[Record extracts — start]
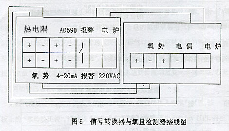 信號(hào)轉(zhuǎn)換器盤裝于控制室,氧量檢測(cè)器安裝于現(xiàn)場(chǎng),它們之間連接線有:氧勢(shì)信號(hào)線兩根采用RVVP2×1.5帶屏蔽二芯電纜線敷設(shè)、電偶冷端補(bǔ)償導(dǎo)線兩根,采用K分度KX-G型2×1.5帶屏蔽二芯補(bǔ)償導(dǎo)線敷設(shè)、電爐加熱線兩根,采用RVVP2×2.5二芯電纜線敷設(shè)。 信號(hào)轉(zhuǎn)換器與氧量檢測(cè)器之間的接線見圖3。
[Record extracts — finish]
[Record extracts — start]
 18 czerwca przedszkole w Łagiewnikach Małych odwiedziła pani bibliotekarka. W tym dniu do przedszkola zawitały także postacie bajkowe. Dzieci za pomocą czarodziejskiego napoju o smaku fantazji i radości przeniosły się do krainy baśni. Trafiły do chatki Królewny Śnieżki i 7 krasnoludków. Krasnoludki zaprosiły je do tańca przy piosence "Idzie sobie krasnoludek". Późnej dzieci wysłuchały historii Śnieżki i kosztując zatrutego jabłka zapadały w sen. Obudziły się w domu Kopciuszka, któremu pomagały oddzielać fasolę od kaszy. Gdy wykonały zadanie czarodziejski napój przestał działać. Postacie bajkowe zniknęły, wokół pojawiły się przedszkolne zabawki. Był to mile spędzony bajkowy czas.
[Record extracts — finish]
[Record extracts — start]
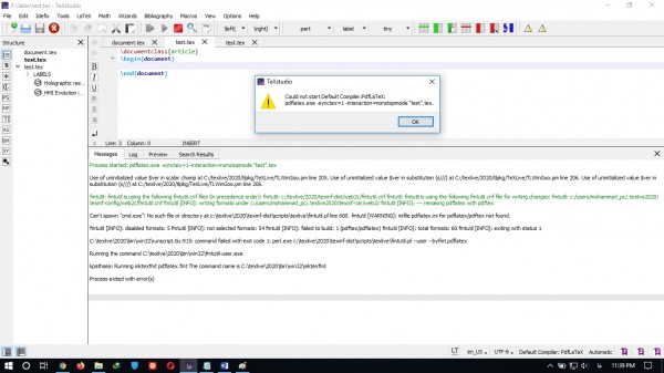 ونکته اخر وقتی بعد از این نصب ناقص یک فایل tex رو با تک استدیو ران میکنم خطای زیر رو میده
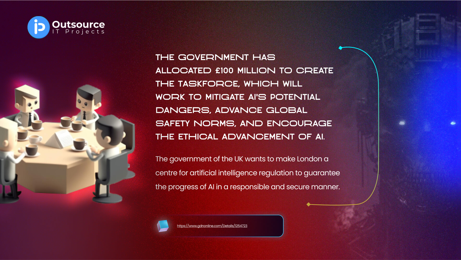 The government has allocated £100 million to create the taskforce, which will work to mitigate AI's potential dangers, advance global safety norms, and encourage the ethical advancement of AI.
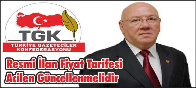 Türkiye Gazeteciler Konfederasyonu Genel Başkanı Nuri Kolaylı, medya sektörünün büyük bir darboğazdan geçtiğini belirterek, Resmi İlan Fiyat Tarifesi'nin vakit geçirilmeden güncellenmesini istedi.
[Record extracts — finish]
Assignment
In the listing above, find the line containing "ونکته اخر وقتی" and the line containing "Türkiye Gazeteciler Konfederasyonu", then return both of them and every line between, exactly, without pictures.

Exercise answer
 ونکته اخر وقتی بعد از این نصب ناقص یک فایل tex رو با تک استدیو ران میکنم خطای زیر رو میده
 The government has allocated £100 million to create the taskforce, which will work to mitigate AI's potential dangers, advance global safety norms, and encourage the ethical advancement of AI.
 Türkiye Gazeteciler Konfederasyonu Genel Başkanı Nuri Kolaylı, medya sektörünün büyük bir darboğazdan geçtiğini belirterek, Resmi İlan Fiyat Tarifesi'nin vakit geçirilmeden güncellenmesini istedi.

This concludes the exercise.